Together Marko, Pelva, and Dr. Ziranovic marched down the hallway into room seven, where a gray-skinned elderly man wheezed through his life-support machine.

“Do you see this man?” Dr. Ziranovic asked. “This is Mr. Stankovic, the local librarian. He has Stage Four testicular cancer. We expect him to die in a few days. Miss Pelva, I am going to stand outside with Marko. It will be only you and Mr. Stankovic alone in this room. I would like you to fart your best fart on him. We will treat you to a nice hot breakfast as soon as you are done.”

And fart on him she did. Then Dr. Ziranovic peeled off a large bill, gave it to Marko, and told him to take himself, Pelva, Titi, and his newly ambulatory mother to the local ale house for breakfast. Dr. Ziranovic told them that when they were finished, they were to return to the hospital.

It took two hours for them to finish breakfast—Marko’s mother was a big woman—but as they walked back up toward the hospital, a huge crowd greeted them like local heroes.

“It is her!” went up a shout from the crowd. “It is the miracle girl! It is the girl who can heal the sick by breaking wind!”

Marko helped his mother and the children push through the crowd, up the hospital steps, and into Dr. Ziranovic’s office.

The good doctor was smiling. “It is confirmed! Mr. Stankovic no longer has the cancer! Little Pelva, your body contains miracle gases that can heal the sick!”

Dr. Ziranovic laid out his grand plans to offer Pelva and Titi permanent residence at the hospital if she were willing to share her miracle gases to heal sick townsfolk. They would eat three hot meals a day prepared by the finest Serbian chefs. They would have their own bedrooms and freshly laundered clothes. They could have any toys they wanted. No more begging. No more cold nights sleeping outside as the howling mountain winds crept over their shivering bodies.

As the good doctor spoke, Pelva stared out the office window at the jubilant crowds outside who were pressing their faces against the glass trying to get a peek at the miracle girl. Up until this morning, they all hated her. Now they were willing to beg her to stay, to give her all the things she needed but that they’d always denied her.

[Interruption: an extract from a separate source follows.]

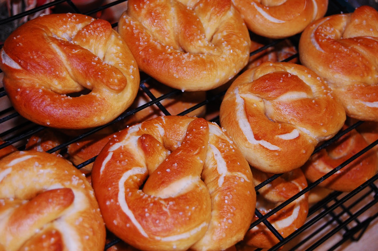 Dissolve yeast in 1/8 cup warm water. Add remaining ingredients and beat until smooth. Kneed until smooth. Sometimes I just throw the stuff in the bread maker on the dough cycle… a lot less arm work. Optional: Let dough rise in an ungreased bowl, uncovered, for 1 hour. Divide into 12 pieces and shape into pretzels.
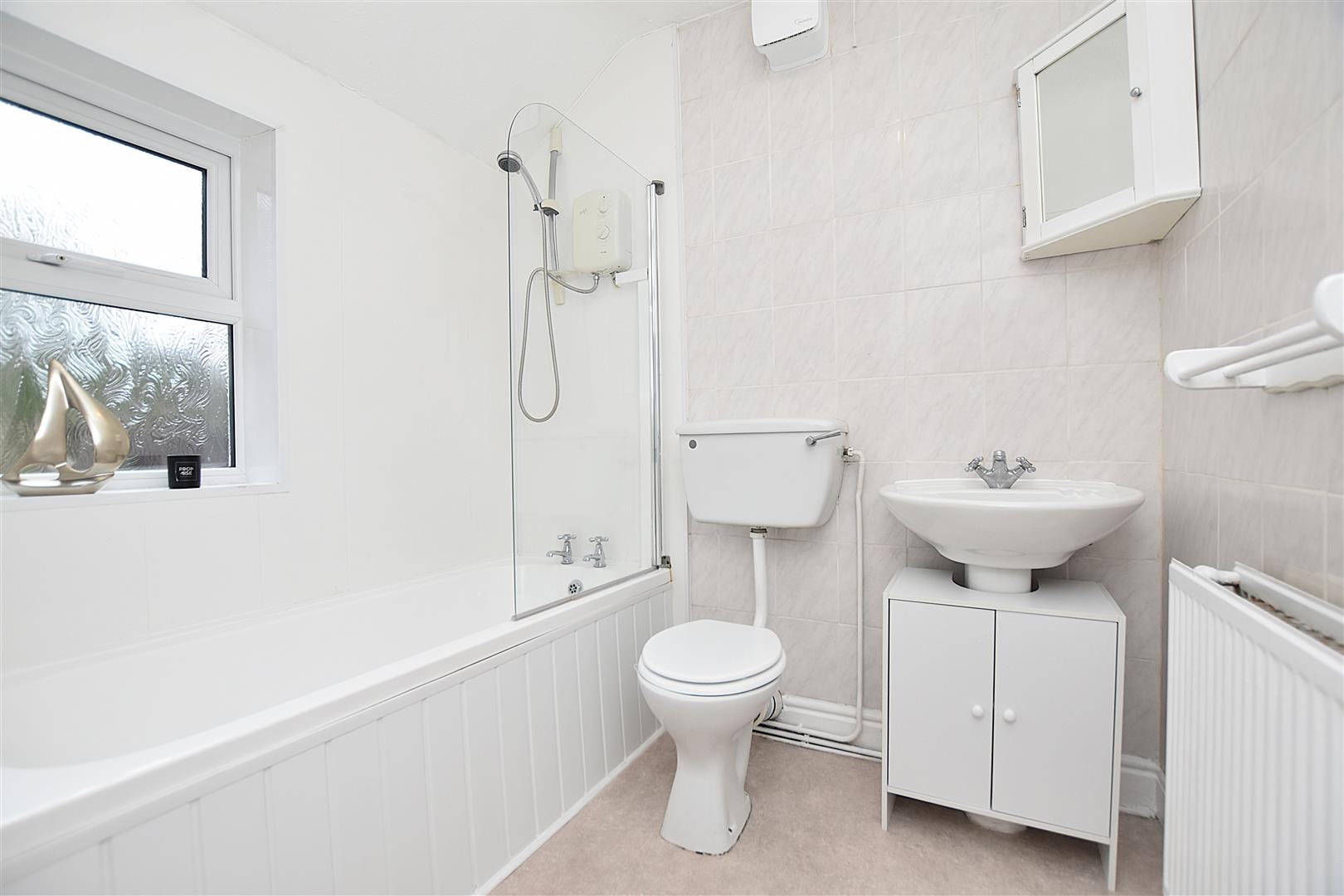 Appointed with a white suite of low flush w.c, pedestal wash basin with mixer tap, bath with electric shower over and wipe clean wall panels, upvc double glazed window, radiator, splash screen, part tiled walls, extractor fan and two door storage cupboard.

“Mister doctor, I would like a moment alone to speak with my brother,” Pelva said quietly.

“Of course, my darling,” Dr. Ziranovic smiled. “Take a walk through the hospital and have a talk with little Titi. Marko and I will be waiting here for you.”

Pelva grabbed Titi’s hand, briskly walked out the office, down the corridor, down a flight of stairs, and out through the hospital’s back entrance.

“We must go now, Titi,” she said to her mute brother once they were outside. “Our bellies are full. We must now leave this evil town. I have a wonderful new talent that I’d like to share with the world. We will find success and happiness, but it must not be in this town that has been so cruel to us.”

And with that they were on their way toward a newer and happier life. With each step, the town of their birth grew smaller in the distance. After the way they’d treated her and her baby brother, she didn’t even feel they were worth farting on.